Introduction Genetic factors significantly contribute to the progression of diabetic kidney disease (DKD), which is one of the world's most common causes of chronic kidney disease (CKD). Inflammation, glucose homeostasis, and lipid metabolism are all significantly influenced by the liver X receptor alpha (LXR-α) gene.

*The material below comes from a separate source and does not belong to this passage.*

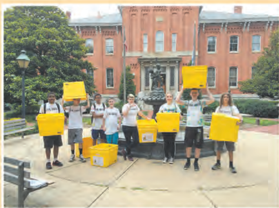
Summer Serve participating in Stuff the Bus

Single nucleotide polymorphisms in the liver X receptor alpha gene may result in the altered function of the gene, making the individual susceptible to DKD. The purpose of this article is to examine the frequency of expression of single nucleotide polymorphisms (SNPs) in exon 7 of the LXR-α gene in people with type 2 diabetes (T2DM) and DKD. Gaining an understanding of these genetic differences could improve risk assessment and therapy approaches while providing fresh perspectives on the molecular mechanisms underlying DKD. Aims and objectives To identify specific SNPs in the LXR-α gene in T2DM and DKD patients. Methods The study was conducted between May 2022 and May 2023 and it involved 120 T2DM and 120 DKD patients. All the clinical history of the study participants were recorded. Blood samples were collected from the participants and genomic DNA was isolated and was followed by polymerase chain reaction (PCR) using exon 7 specified primers of LXR-α gene. To find mutations in the LXR-α gene, the PCR products were subsequently analyzed using the capillary-based Sanger sequencing technique. Results A total of seven SNPs were detected in T2DM patients, and 20 SNPs were detected in DKD patients. SNP rs7120118 was found with the highest frequency of 100 (83.33%) in T2DM patients and 80 (66.66%) in DKD patients. SNP rs1956299169 was found to have the second highest frequency of 60 (50%) among T2DM patients and SNP rs1252683195 was found to have a frequency of 20 (16.7%). Other common SNPs were rs1956299169, with 40 (33.33%) in DKD and 60 (50%) in T2DM, and rs12574081, with 20 (16.71%) in T2DM and 10 (8.33%) in T2DM. Conclusion The study detects the highest and the most common SNP rs7120118, which may be associated with T2DM and DKD. Thereby, it helps to conduct further association studies with larger populations and to diagnose the disease.